Retardation of lipid oxidation using gelatin film incorporated with longan seed extract compared with BHT.

Journal of food science and technology (2015-09-08)
Samart Sai-Ut, Soottawat Benjakul, Saroat Rawdkuen
ABSTRAKT

The aim of the present work was to apply the gelatin films with different levels of longan seed extract (LS) or butylated hydroxytoluene (BHT) on retardation of lipid oxidation in soybean oil.
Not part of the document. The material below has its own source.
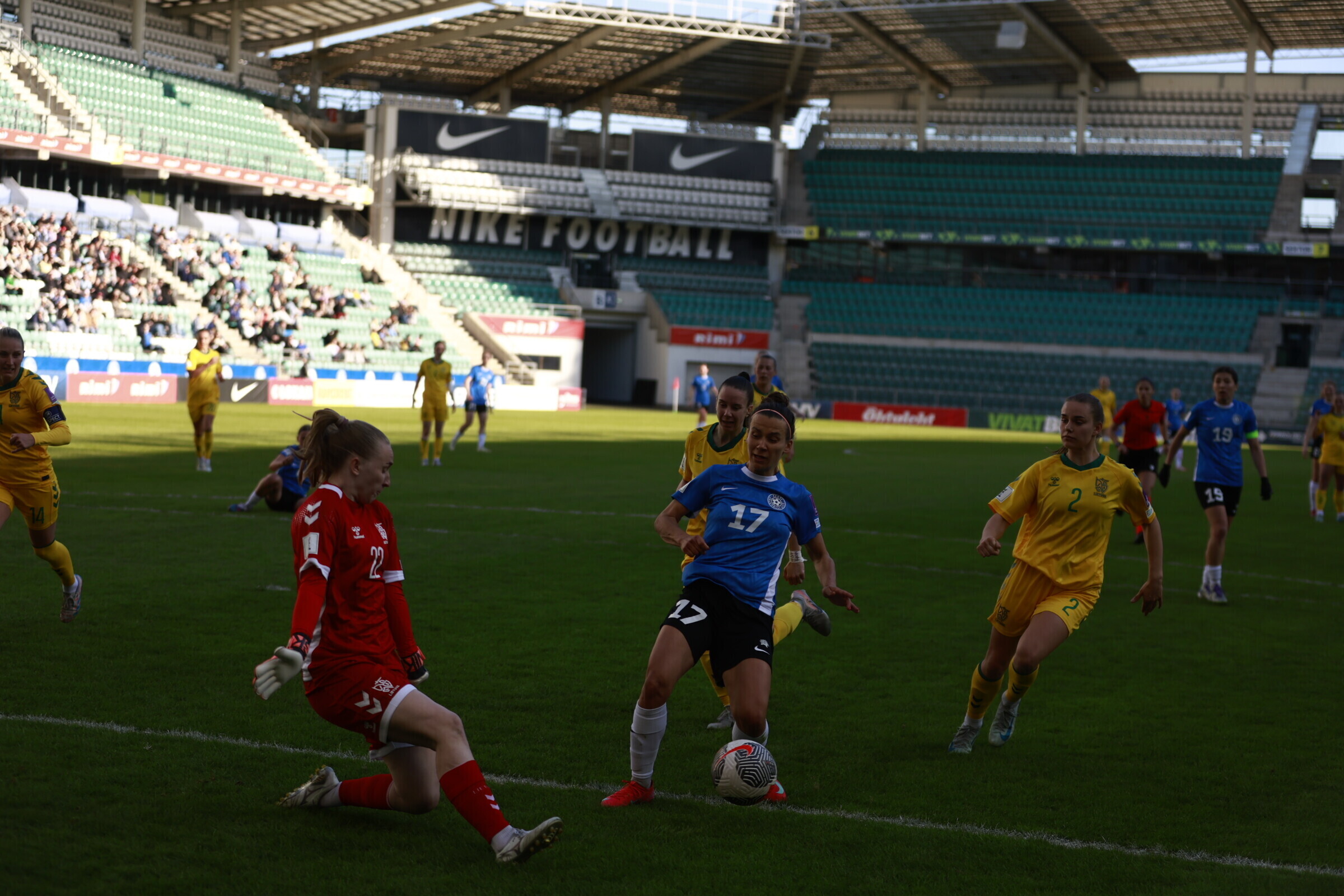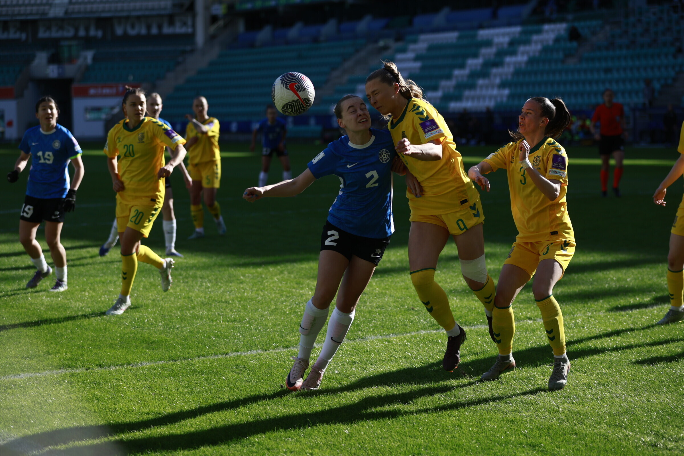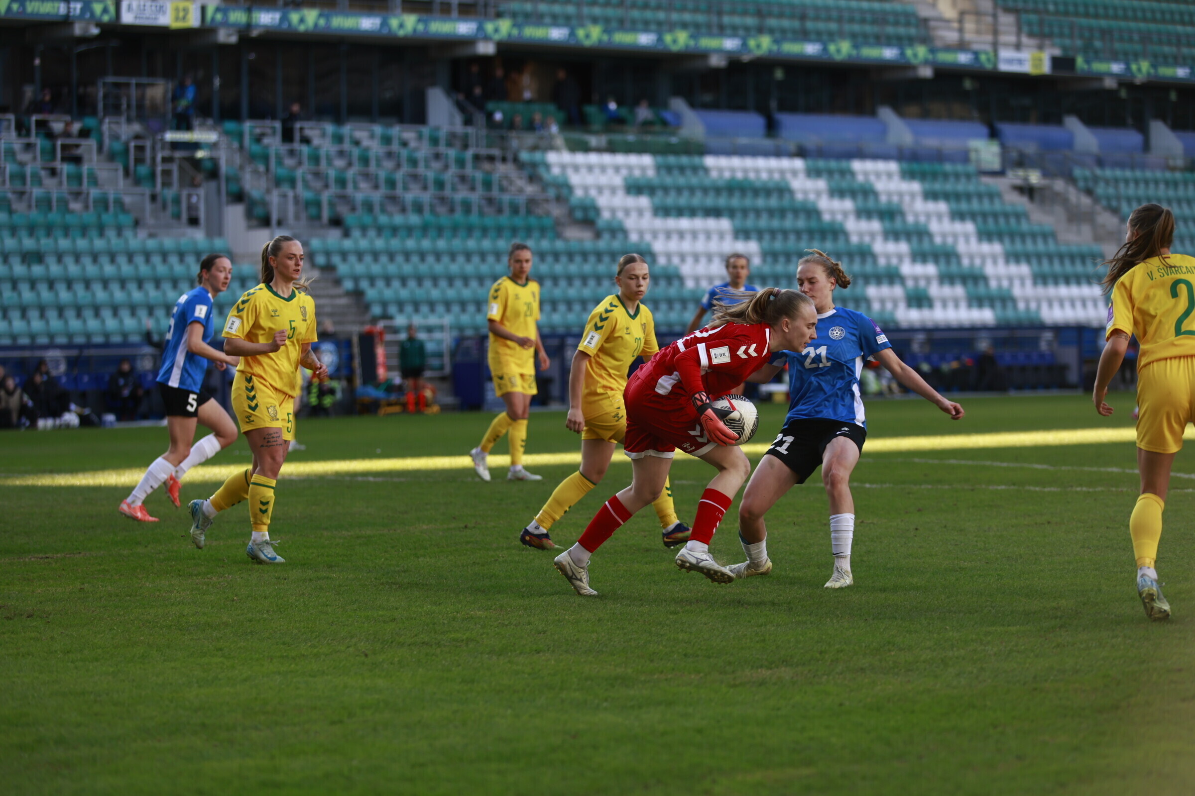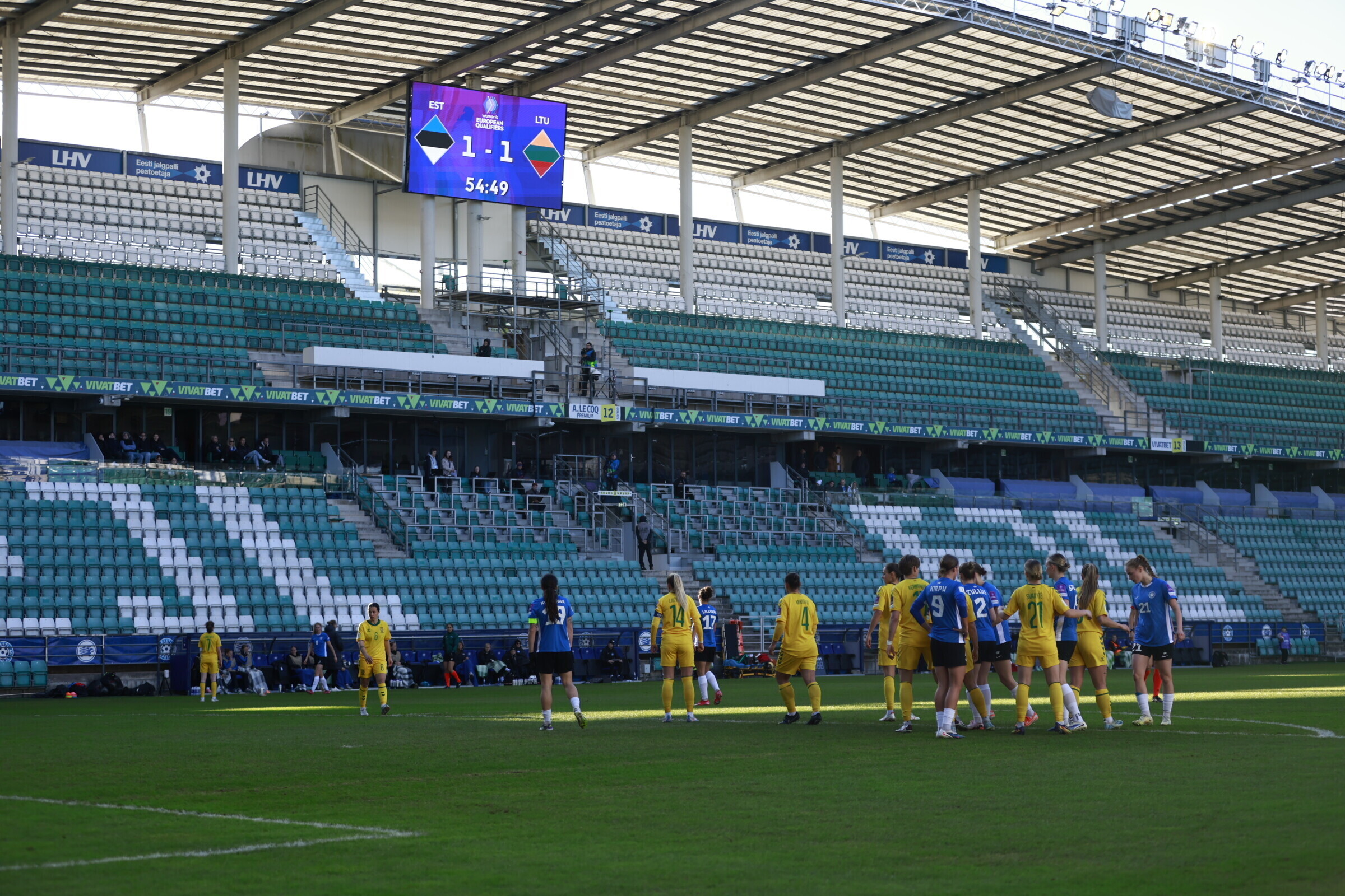 В субботу, 18 апреля, на таллиннской "А. Ле Кок Арене" состоялся драматичный матч отборочного турнира чемпионата мира по футболу среди женщин, в котором сборная Эстонии принимала команду Литвы. Хозяйки поля вырвали победу в компенсированное время со счетом 2:1.

The films incorporated with various concentrations of aqueous LS (0, 50, 100, 300, and 500 ppm) or BHT (50, and 100 ppm) were developed. The films had transmittance percentages of 60-80 % at 570 nm and showed good light barrier properties when the concentration of LS or BHT increased. About 97 % protein solubility and 41 to 54 % water solubility were obtained for the developed films. Antioxidative activity of gelatin films incorporated with LS increased markedly with increasing storage time as indicated by the increase in DPPH radical scavenging activity (41-50 %) (P < 0.05). Films incorporated with LS or BHT showed the preventive effect on lipid oxidation of soybean oil during 30 days of storage. At the level of 500 ppm, LS provided the highest efficacy for lipid oxidation retardation as evidenced by lower conjugated diene (CD) values (P > 0.05). According to these findings, gelatin film incorporated with longan seed extract or BHT could be used as a tool to prolong the shelf-life of oily foods.